The column vector `species` consists of iris flowers of three different species: setosa, versicolor, and virginica. The double matrix `meas` consists of four types of measurements on the flowers: the length and width of sepals and petals in centimeters, respectively.

Store the data in a table array.

```t = table(species,meas(:,1),meas(:,2),meas(:,3),meas(:,4),... 'VariableNames',{'species','meas1','meas2','meas3','meas4'}); Meas = dataset([1 2 3 4]','VarNames',{'Measurements'});```

Fit a repeated measures model, where the measurements are the responses and the species is the predictor variable.

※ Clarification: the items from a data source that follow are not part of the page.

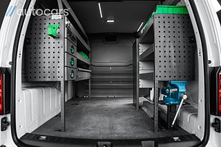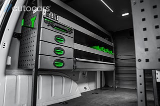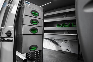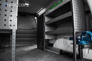Lastutrymmet är byggt för yrkesproffs. Verkstadsinredning från System Edström med hyllsystem, sortimentlådor och hurts med lådor ger ordning, struktur och snabb åtkomst till verktyg och material. Skåpet är dessutom inklätt med modern LED belysning i taket som ger optimal arbetsbelysning under alla förhållanden. Det utdragbara skruvstädet direkt från skåpet gör bilen till en mobil verkstad, redo för arbete var du än befinner dig.
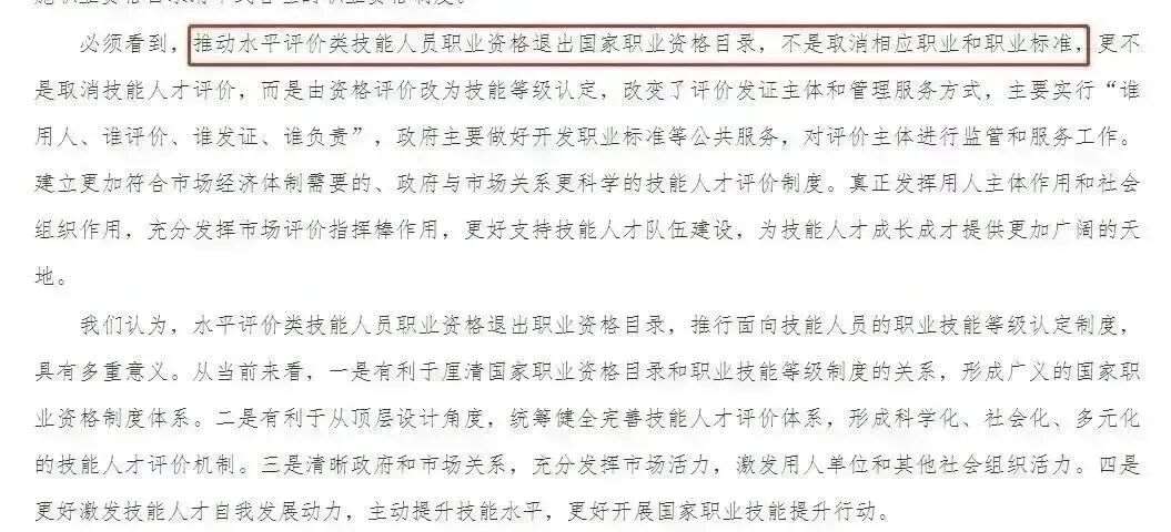 只是由资格评价改为技能等级认定,改变了评价发证主体和管理服务方式,实行“谁用人、谁评价、谁发证、谁负责”,真正发挥用人主体作用和社会组织作用,为技能人才成长成才提供更加广阔的天地
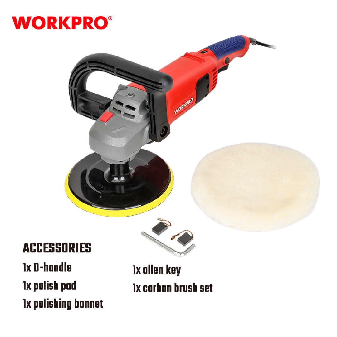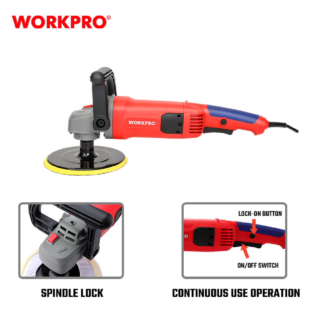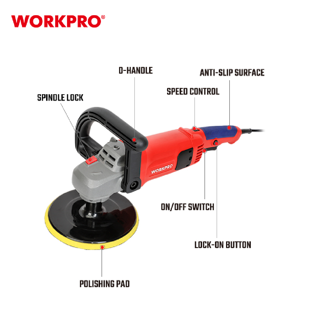 جهاز تلميع احترافي من WORKPRO — موديل WP472404 مزود بقدرة عالية تبلغ 1400W مع صحن تلميع مقاس 180 مم، ليمنحك أداءً قوياً وسرعة في تلميع الأسطح المختلفة. مناسب للسيارات، المعادن، الخشب، والأعمال الاحترافية في ورش الصيانة والتشطيب.
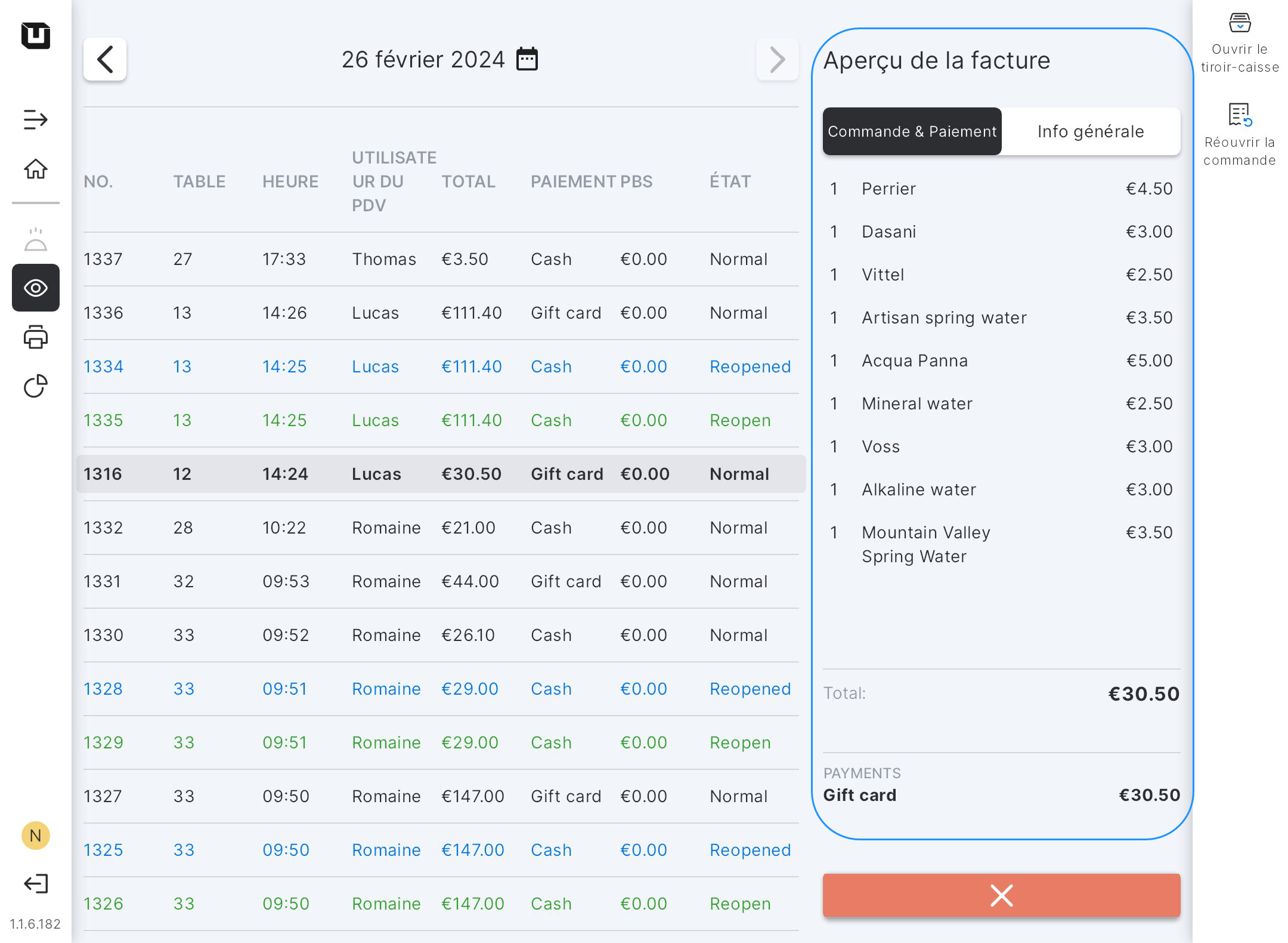Cet écran vous permet de consulter les détails de chaque transaction effectuée au cours de la journée. Vous pouvez passer au jour ouvrable précédent et obtenir des informations sur les montants totaux de ces factures, les utilisateurs du point de vente qui ont accepté ce paiement, la liste des articles commandés, la méthode de paiement utilisée, etc.
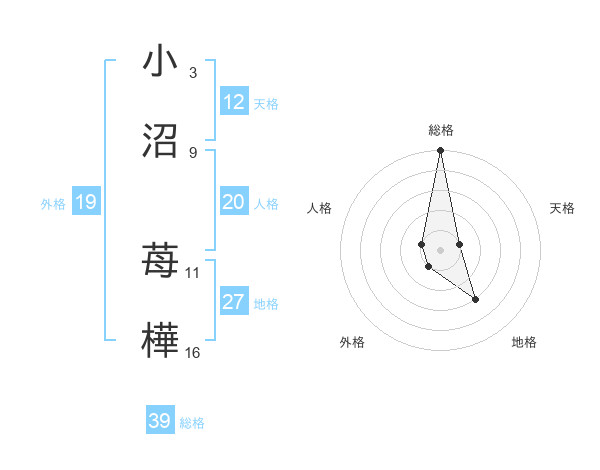 小沼 苺樺さんを姓名の画数から五運を鑑定
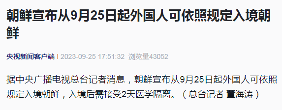 据中央广播电视总台记者消息,朝鲜宣布从9月25日起外国人可依照规定入境朝鲜,入境后需接受2天医学隔离。
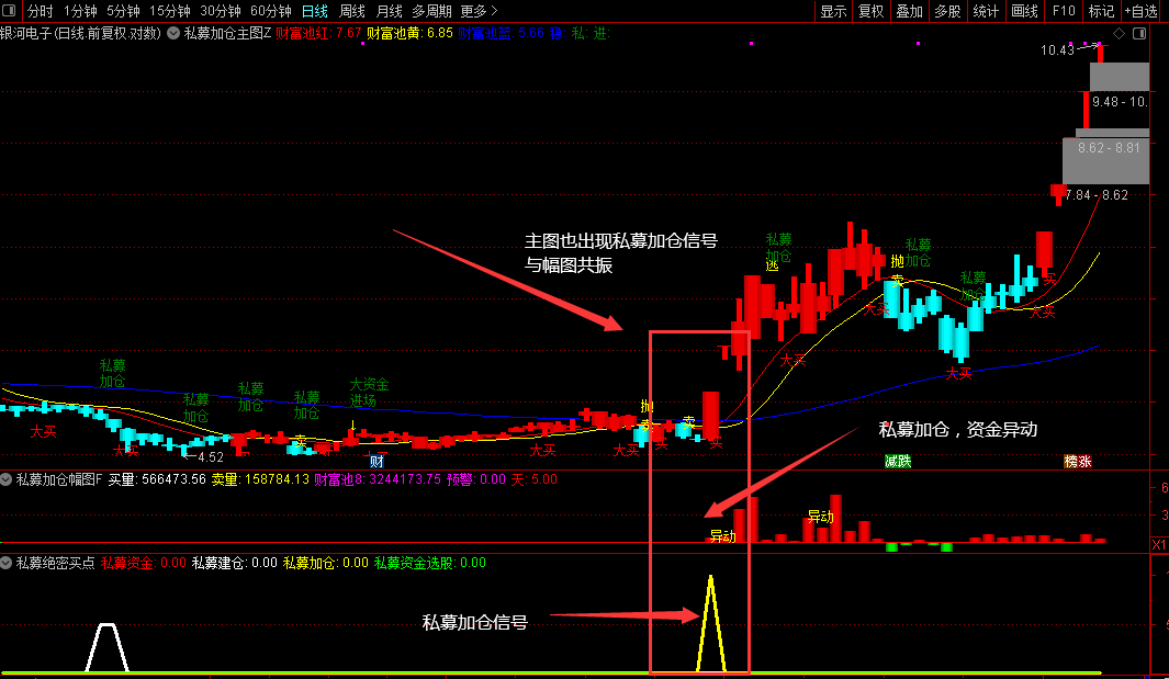 用法:黄色“私募加仓”信号出现,通常意味着股价可能开始一波强势上涨,是追涨或加仓的信号。但需注意追高风险。

`rm = fitrm(t,'meas1-meas4~species','WithinDesign',Meas);`

Perform Mauchly’s test to assess the sphericity assumption.

`mauchly(rm)`
```ans=1×4 table W ChiStat DF pValue _______ _______ __ __________ 0.55814 84.976 5 7.6149e-17 ```

The small $p$-value (in the `pValue` field) indicates that the sphericity, hence the compound symmetry assumption, does not hold. You should use epsilon corrections to compute the $p$-values for a repeated measures anova. You can compute the epsilon corrections using the `epsilon` method and perform the repeated measures anova with the corrected $p$-values using the `ranova` method.